Given data: Begin
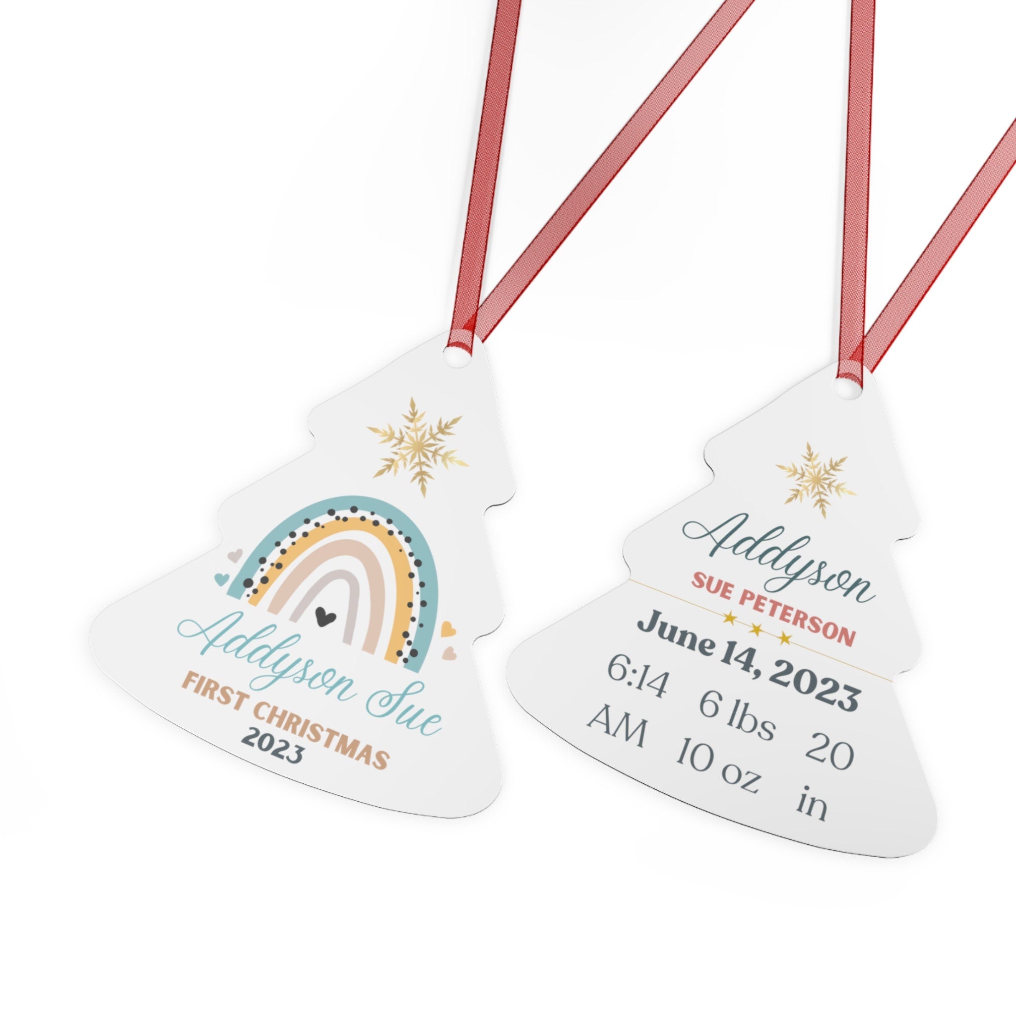 Surprise the new parents in your life with our personalized metal holiday ornament featuring an adorable Baby's First Christmas theme. This unique ornament makes a perfect gift for the holidays and adds a touch of festive cheer to any Christmas tree. It's also an excellent stocking stuffer for the new parents on your shopping list. Perfect as well for Baby Showers.
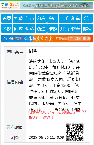 洗碗大姐:招5人,工资4500,包吃住,每月休3天,在晋阳街或食品街的店就近分配,要求45岁以内。
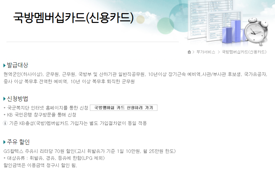 국방 멤버십 카드라 하여 주유할인도 받고 국군복지단과 군 운영 휴양시설 그리고 체력단련장 이용요금할인을 받을 수 있는 것도 국군 복지포털 홈페이지에서 확인 및 발급 가능합니다.
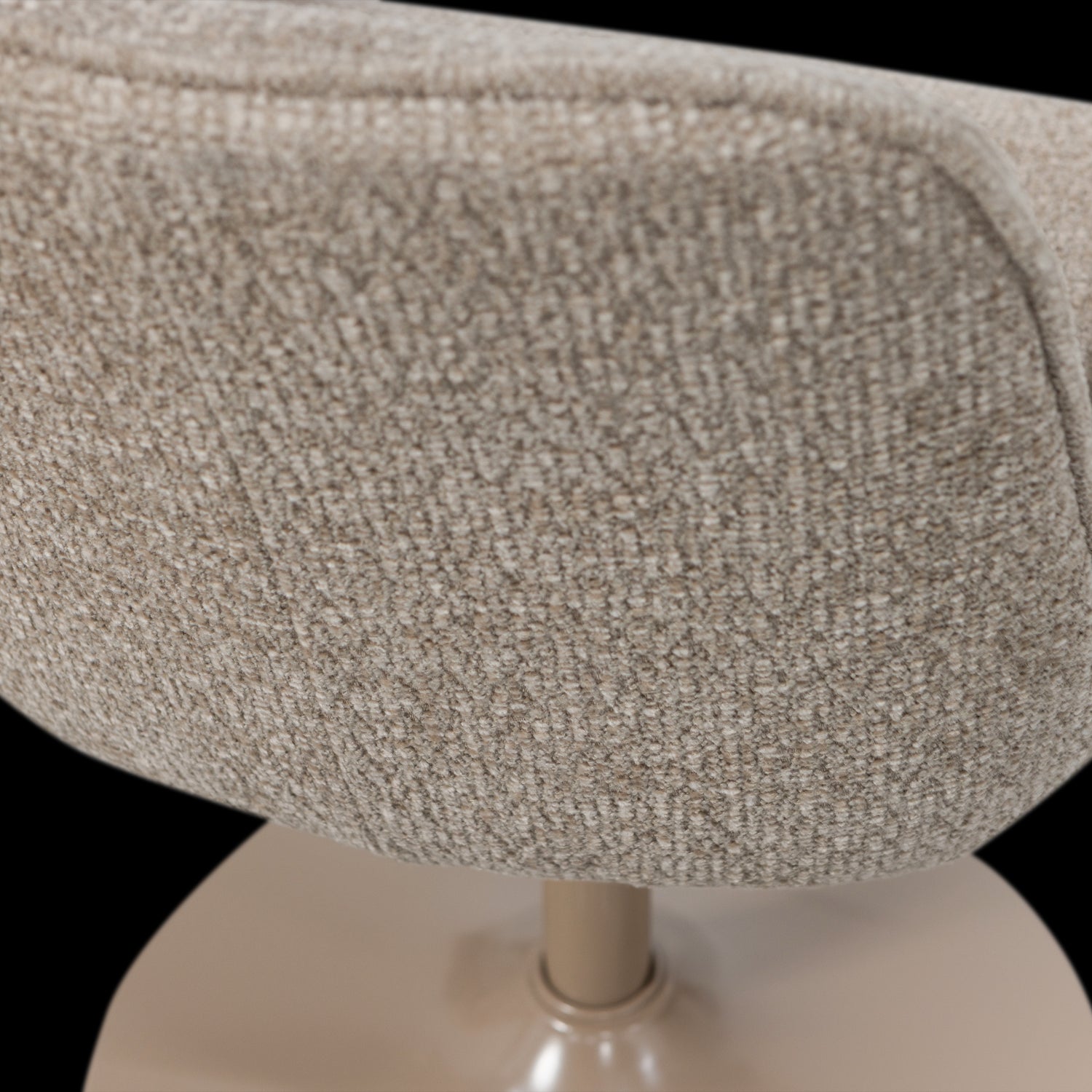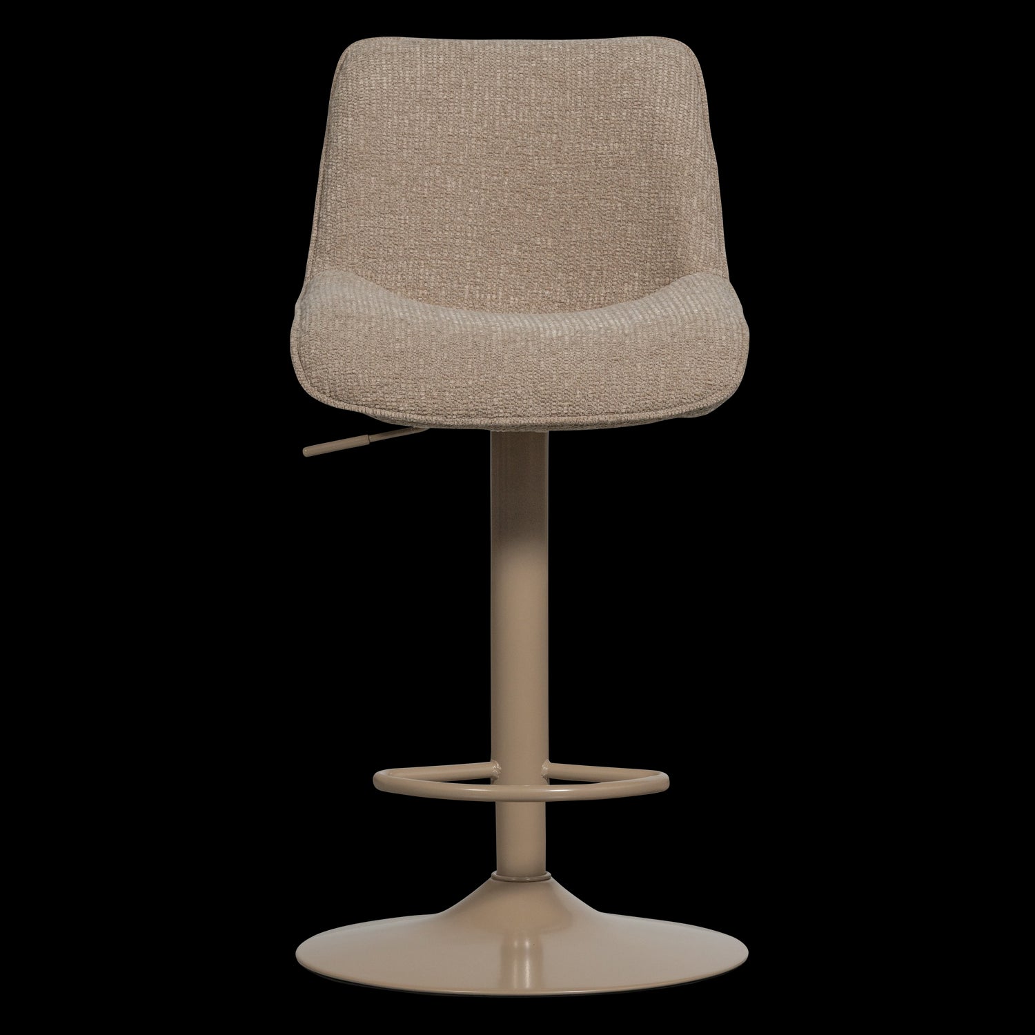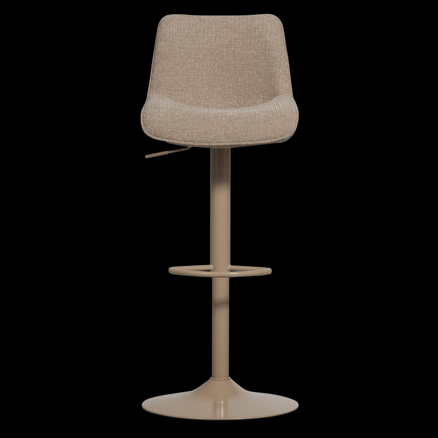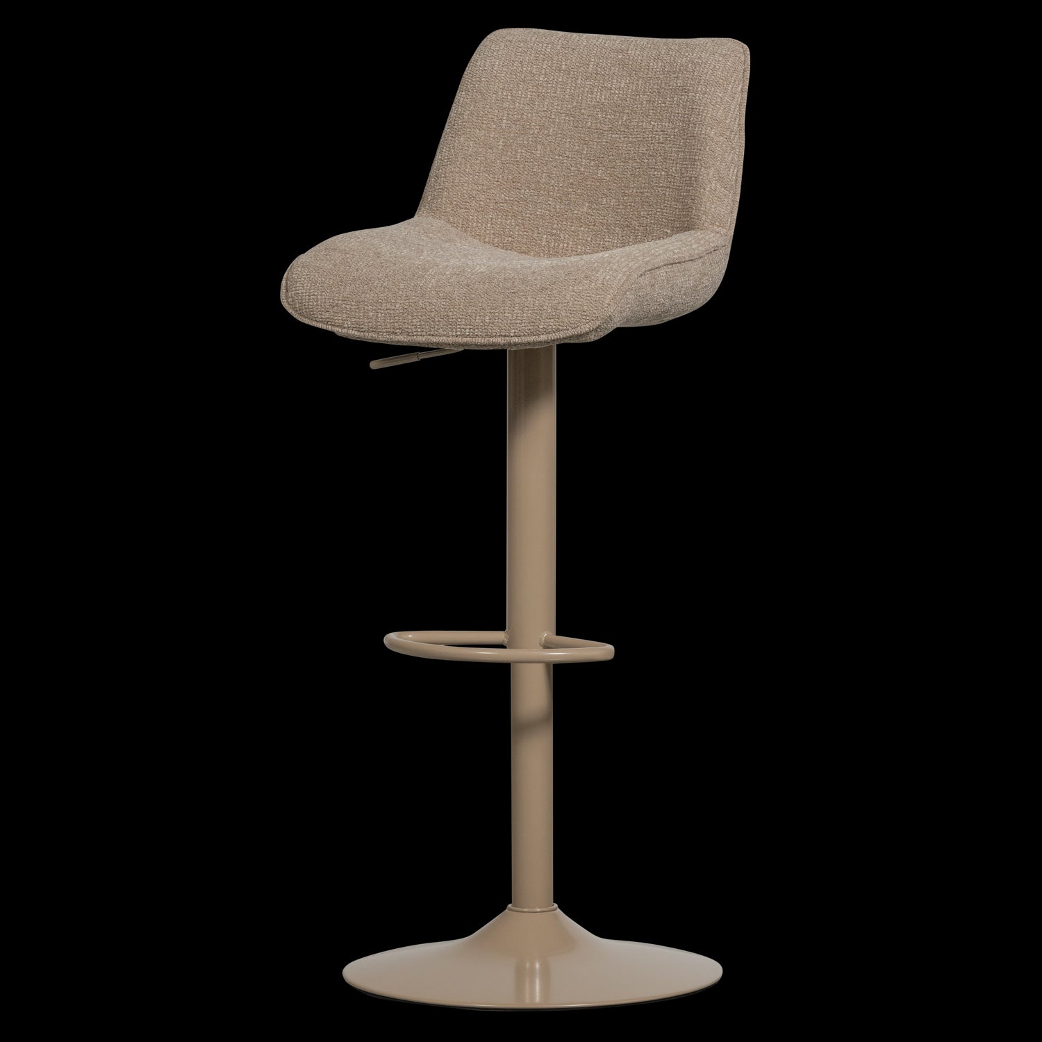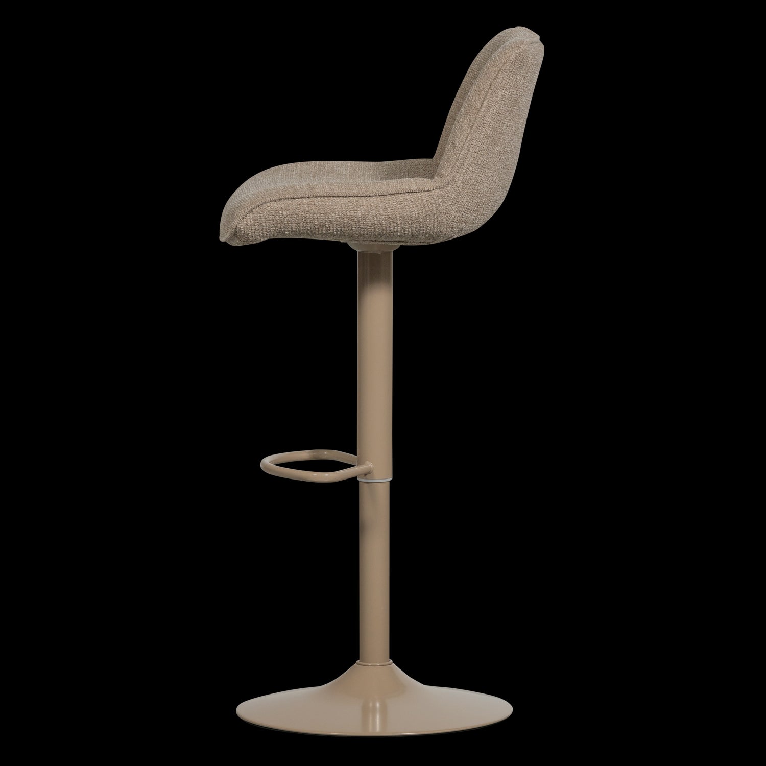 De Marten in hoogte verstelbare barstoel is afkomstig uit de collectie van het Nederlandse merk WOOOD. De stoel heeft een slank metalen onderstel in dezelfde kleur als de bekleding en staat stevig op de grond. De stoel is bekleed met een stevige, geweven stof van 100% polyester. Deze barstoel is niet alleen in hoogte verstelbaar maar ook draaibaar. Perfect voor aan de bar of het keukeneiland. Een stijlvolle en comfortabele zitplek om urenlang te borrelen.
Given data: End
Whenever images occur above, omit them and retype each line exactly as it stands.

 Surprise the new parents in your life with our personalized metal holiday ornament featuring an adorable Baby's First Christmas theme. This unique ornament makes a perfect gift for the holidays and adds a touch of festive cheer to any Christmas tree. It's also an excellent stocking stuffer for the new parents on your shopping list. Perfect as well for Baby Showers.
 洗碗大姐:招5人,工资4500,包吃住,每月休3天,在晋阳街或食品街的店就近分配,要求45岁以内。
 국방 멤버십 카드라 하여 주유할인도 받고 국군복지단과 군 운영 휴양시설 그리고 체력단련장 이용요금할인을 받을 수 있는 것도 국군 복지포털 홈페이지에서 확인 및 발급 가능합니다.
 De Marten in hoogte verstelbare barstoel is afkomstig uit de collectie van het Nederlandse merk WOOOD. De stoel heeft een slank metalen onderstel in dezelfde kleur als de bekleding en staat stevig op de grond. De stoel is bekleed met een stevige, geweven stof van 100% polyester. Deze barstoel is niet alleen in hoogte verstelbaar maar ook draaibaar. Perfect voor aan de bar of het keukeneiland. Een stijlvolle en comfortabele zitplek om urenlang te borrelen.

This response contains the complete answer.